Вправду ли лесник видел лисицу или выдумал эту историю? Выслеживал ли он этого хитрого зверя, скитаясь что ни день по поречью, или же это был повод обходить вырубки и заводи, подстерегая правонарушителей, которые незаконно ловят рыбу и рубят лес.
Лесной Царь постарел — ноги носили его уже не так весело и ходко, как в былые времена, под лопаткой кололо, в сырую погоду ломило поясницу, а порой ему казалось, что в паху вбиты острые гвозди. Зубы его поредели — те крупные, с фасолину, желтые от табака зубы, что когда-то перегрызали стальную проволоку; зрение ослабло, вот уже десяток лет дужки очков натирают ему уши, островерхие, как у собаки… Время подтачивало его, как Огоста — свои берега, и он знал, что когда-нибудь подмытая почва обрушится и утянет его за собой. Все точило беспощадное время, одно оставалось у Лесного Царя неизменным: слух. Чем больше старился строгий блюститель закона, тем острее становился его слух. Лесной Царь по плеску воды распознавал, забросил ли браконьер невод или это журчит взбаламученная сачками вода в глубоких заводях, его ухо различало самые тихие удары топора в лесу, и он мог точно сказать, где орудует порубщик. Он даже мог определить по стуку топора, какое дерево валят — обыкновенный дуб или чернильно-орешковый, и редко ошибался, в особенности осенью, когда воздух тих и прозрачен и в пылающем от листопада лесу эхо так богато оттенками…
— Если появится лиса, фазанам каюк, — сказал Лесной Царь. — Ни одного перышка не останется…
— Да их уже и так не осталось. — Обернувшись, учитель увидел, что лесник обводит глазами поленницу, прислоненные к стрехе жерди. — Всех итальянцы перебили.
— Может, и так, да ведь они платят. Долларами. Это ведь коли дерево срубишь, оно уже больше не вырастет. А фазаны — дело другое. Одних истребим — новых разведем, в инкубаторе. Главное — платят. Нарушение закона налицо имеется?.. Никак нет! Что же тогда? Подойти к ним и сказать: «Отправляйтесь, господа хорошие, бить фазанов в свою Италию, а этих оставьте нам, чтоб мы любовались на их красоту, больно они на лету красивые…» Да я в жизни этого не скажу, не такой я дурак, как ты думаешь… Пущай стреляют, пущай набивают брюхо, рано или поздно подавятся они фазаньей костью, и тогда мы им скажем: «Ну что, господа?
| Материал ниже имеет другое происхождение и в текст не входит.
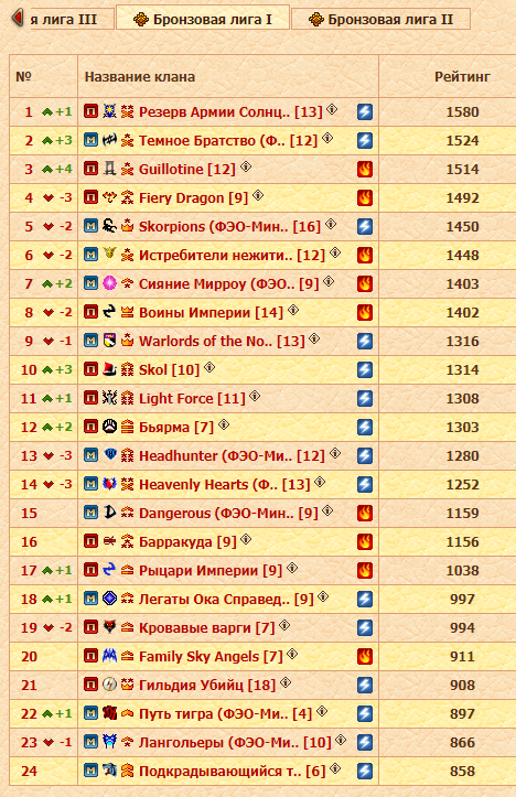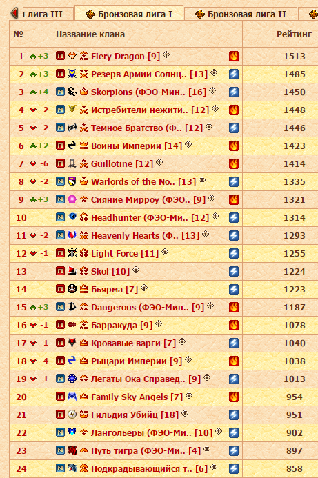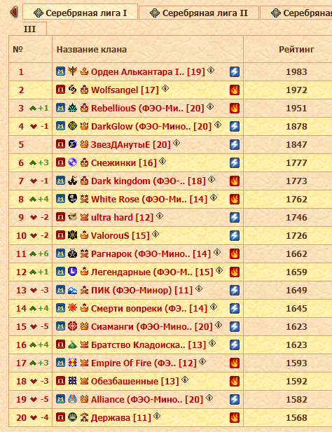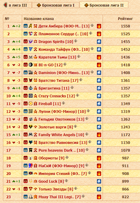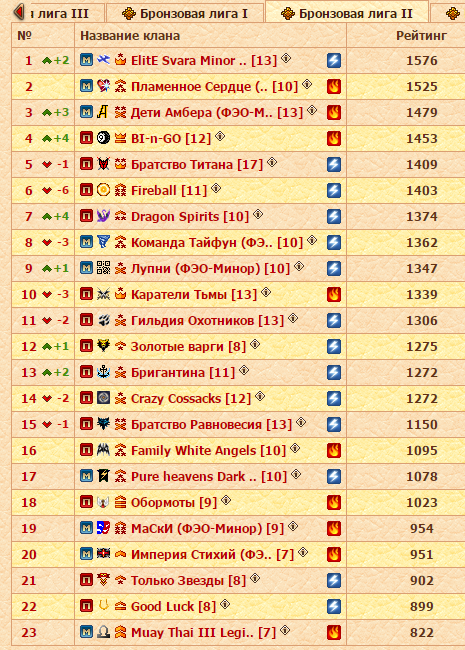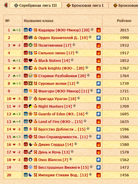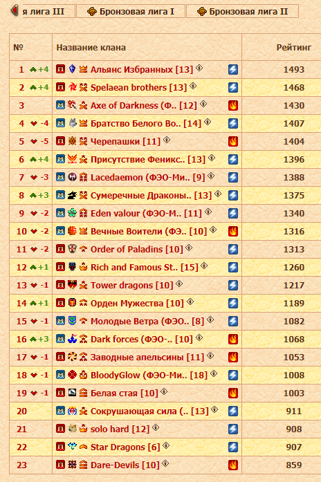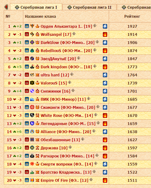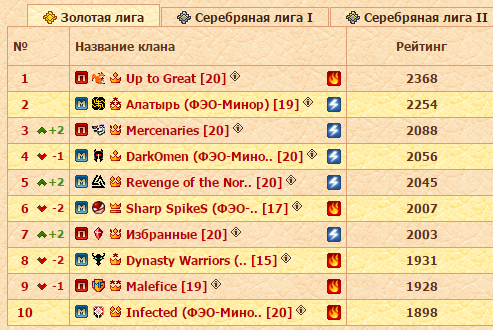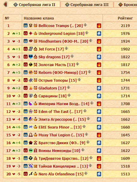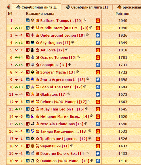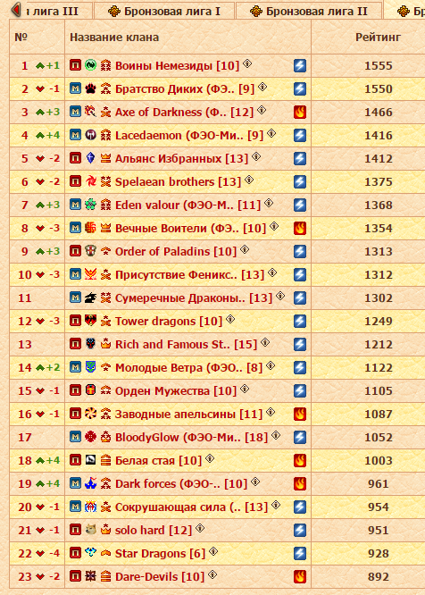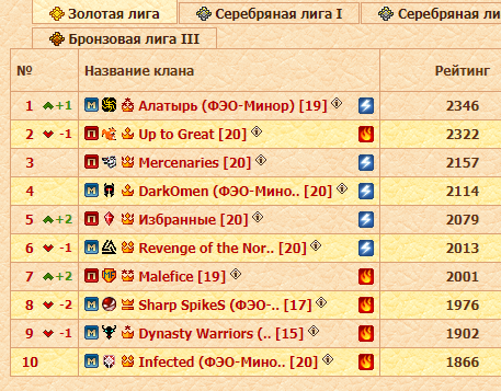 И это еще не всё. Ряды серебряных лиг пополнили сразу три клана! Помимо Свары, это Воины Немезиды ( неявка Братство Белого Волка) и Братство Диких ( победа над Axe of Darkness). Но понизились при этом Daminion, Братство Белого Волка и... Черепашки. Почему? Потому что Axe of Darkness – клан бронзовой лиги, да и вообще при переходах учитывается только рейтинг, а не позиция клана в какой-либо из подлиг.
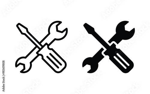 Wrench and screwdriver icon, repair sign vector

Пожили в свое удовольствие, платили нам денежками, расплачивайтесь теперь по-другому!»
Учитель смотрел на старый бельгийский карабин, лежавший у ног лесника, и думал о том, сколько страха и покорности вселяло в людские души это оружие, которое почти четыре десятка лет покачивается за спиной Лесного Царя — ветхое и никудышное, с вытертым ремнем и вмятинами, что точно оспины испещрили ржавеющий ствол… Учитель вспомнил, что Лесной Царь выстрелил из этого карабина в одного паренька из Малокутлова, который вздумал ловить рыбу под мостом, неподалеку от железнодорожной станции. Врачи ампутировали пареньку раненую ногу, и бедняга всю жизнь расплачивался за три пойманные возле быков моста рыбки, плоские, как карманный нож, которым Лесной Царь сейчас подрезал себе ногти на ногах. Дуло старого карабина, словно змеиная голова, высовывалось из листвы низкорослого кустарника, и какая-нибудь крестьянка, забравшаяся на тутовое дерево нарубить веток для шелковичных червей, при виде его испуганно соскакивала на землю, а потом, от страха, что ее отведут в сельскую управу всем на посмешище, отдавалась в руки Лесного Царя, которые стискивали ее точно стальные обручи. Он валил свою жертву на ветки шелковицы, его пальцы сновали по ее бедрам, и хотя она противилась, опытный в таких делах лесник по ее движениям понимал, что это только для виду. Опрокинутая на спину женщина ощущала тяжесть его крупного тела, прерывистое дыхание опаляло ей лицо, сквозь прикрытые веки она видела обросший щетиной подбородок, желтые плоские зубы и хрящеватые, прозрачные от утреннего света уши, подрагивавшие в одном ритме с ненасытным телом… Женщина вставала, исподтишка озиралась, оправляла юбки. Ветки, примятые объятиями случайно встретившихся в лесу людей, расправляли свои листья, а Лесной Царь, вскинув карабин на плечо и прислушиваясь к далекому гулу топора, исчезал в гуще ясеней.
— Гляжу я, учитель, припас ты дровишек-то, — сказал гость, продолжая обшаривать взглядом все вокруг. — Небось думаешь: все тут приходит в запустенье, не сегодня-завтра затопит водой — бери топор и руби! Дело твое, но предупреждаю: попадешь на мушку — пощады не жди! Ты, было время, сына моего учил и внука, и я тебе благодарен, но, как говорится, дружба дружбой, а табачок врозь. Верно, нет?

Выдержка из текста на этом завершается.